| name | ss-new-driver |
| description | Scaffold a new Serial Studio I/O driver (a new data source under app/src/IO/Drivers/). Use when adding support for a new bus/transport — e.g. "add a <X> driver", "support reading from <Y>", "new data source". Encodes the canonical driver pattern and every registration touch-point so the new driver actually shows up in the UI, CLI, and connection manager. |
| argument-hint | [DriverName] |
Serial Studio — new I/O driver
Before writing anything, read app/src/IO/Drivers/BluetoothLE.h and BluetoothLE.cpp in
full. They are the canonical reference for the driver contract — match their structure,
signal/slot wiring, and driverProperties() shape rather than inventing a new layout. After
the read, restate the driver contract in chat in 2-3 sentences (pure virtuals, publish path,
timestamp-at-boundary) before scaffolding — a contract you've just named is one the new code
follows, not one it drifts from (doc/claude/j-space.md).

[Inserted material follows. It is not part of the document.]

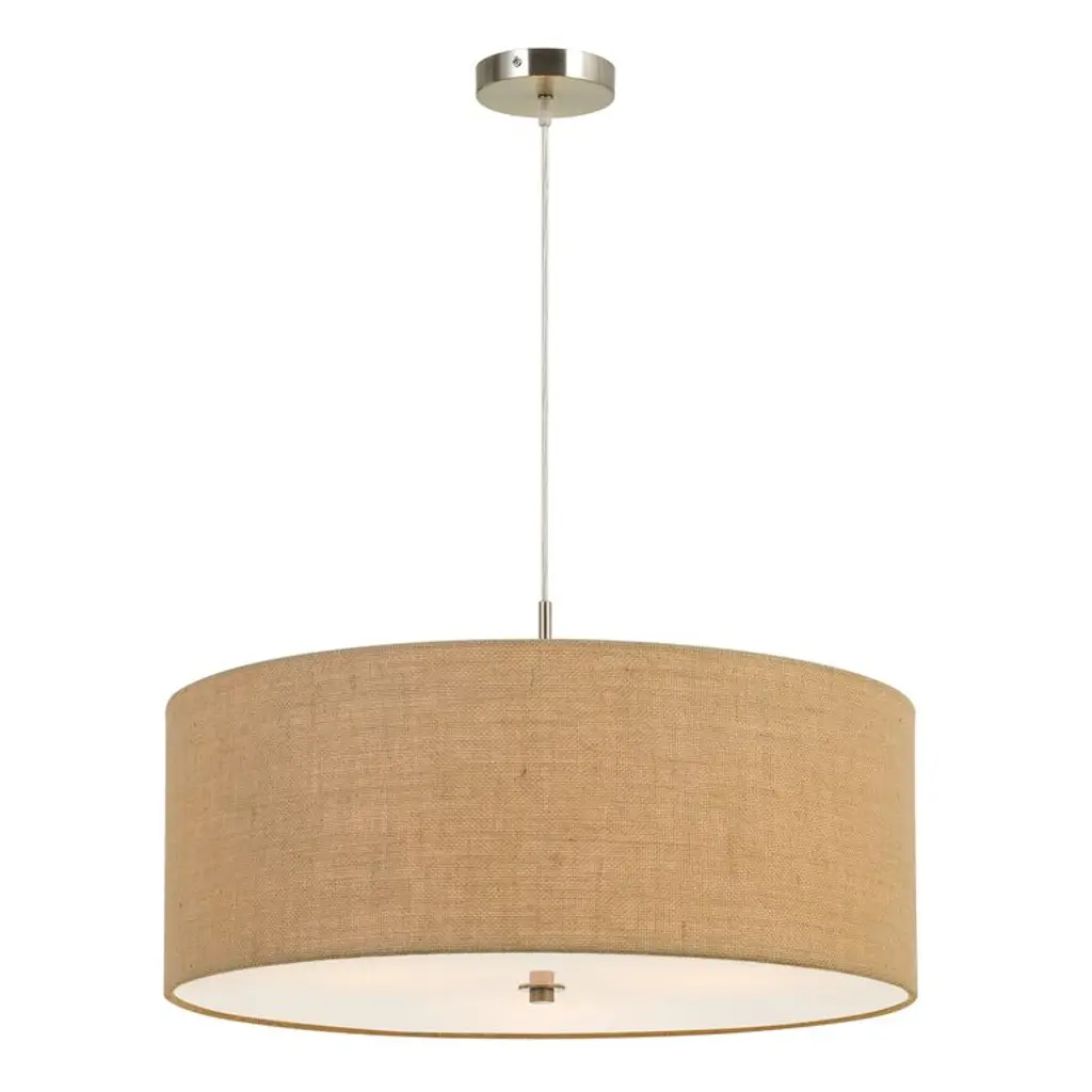 Featuring a large natural burlap drum shade with a shiny metallic fixture, this three-light pendant lamp illuminates the living or dining room with a rustic glow. A diffuser is included to soften the light, protecting the eyes of anyone who passes beneath it.
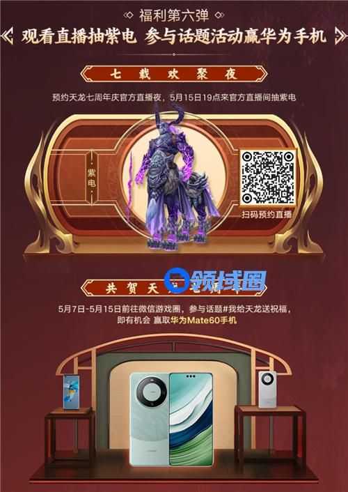 少侠们,预约七周年官方直播夜了吗!5月15日19点可以来官方直播间抽取紫电!错过了也没关系,在5月7日-5月15日期间前往微信游戏圈,参与话题#我给天龙送祝福,还有机会赢取华为Mate60手机!

A driver subclasses IO::HAL_Driver (app/src/IO/HAL_Driver.h) and must implement the pure
virtuals: close, isOpen, isReadable, isWritable, configurationOk, write, open,
driverProperties, and setDriverProperty. Also consider the non-pure virtuals with default
bodies — deviceIdentifier(), selectByIdentifier(), applyConnectionSettings() — which
drive device selection and reconnection. Received bytes are published via
publishReceivedData(...) — stamp the timestamp at the driver boundary (source owns time;
see [ss-hotpath]). Never re-stamp downstream.
Touch-points to wire (verify each against an existing driver)
app/src/IO/Drivers/<Name>.h / .cpp — the driver class, SPDX header, .h ordering rules.
app/src/SerialStudio.h — add the value to the BusType enum (QML uses SerialStudio.BusType.*,
never integer literals).
app/src/IO/ConnectionManager.{h,cpp} — accessor (e.g. network() / uart() analogue), a
UI-driver member pointer, and three BusType switches: activeUiDriver(),
uiDriverForBusType(), and createDriver() — plus signal forwarding. Update all three.
app/CMakeLists.txt — add src/IO/Drivers/<Name>.cpp to the SOURCES list (sources are
listed explicitly, not globbed; commercial drivers go in the guarded
set(SOURCES ${SOURCES} ...) block).
- QML configuration UI — the driver panes are bespoke forms (nothing renders
driverProperties() generically): create
app/qml/MainWindow/Panes/SetupPanes/Drivers/<Name>.qml, add its Loader to the
StackLayout in SetupPanes/Hardware.qml at the bus's enum position (the layout
indexes by Cpp_IO_Manager.busType), and register the new .qml in the QML_SOURCES list
in app/CMakeLists.txt.
app/src/API/EnumLabels.cpp — add the bus to the busTypeSlug() and busTypeLabel()
switches (the API's string names for the bus; commercial buses go inside the
#ifdef BUILD_COMMERCIAL block).
app/src/DataModel/Project/ProjectEditorShared.h — add the bus to the busTypeIcon()
switch, and app/src/DataModel/Project/ProjectEditorForms.cpp — add it to the busTypes
combobox list in the source form model (the old ProjectEditor.cpp was split; these live
in the per-concern TUs now).
- Icon — add the driver SVG under
app/rcc/icons/devices/drivers/ and register it with a
<file> entry in app/rcc/rcc.qrc (busTypeIcon() returns its qrc:/ path).
- CLI (optional) — if it should be launchable headless, add options in
app/src/Misc/CLI.{h,cpp}
following the existing setupUartConnection / setupTcpConnection pattern.
tests/utils/api_client.py (optional) — add the bus to bus_map if integration tests should
reach it via io.setBusType (known drift: mqtt is missing from it today).
The list above drifts as the app grows. Before declaring done, grep a recently added bus value
(e.g. grep -rn "BusType::HidDevice" app/src) and mirror every switch/list it appears in.
Rules
- This is a multi-file change (>3 files): state the plan and get confirmation before executing.
- Follow
doc/claude/code-style.md (header ordering, [[nodiscard]], no in-header member init,
Q_EMIT not emit, Christmas-tree ordering).
- Run
python scripts/code-verify.py --check on the new files before handoff.
- Do not build or run the app — leave compilation and runtime testing to the developer.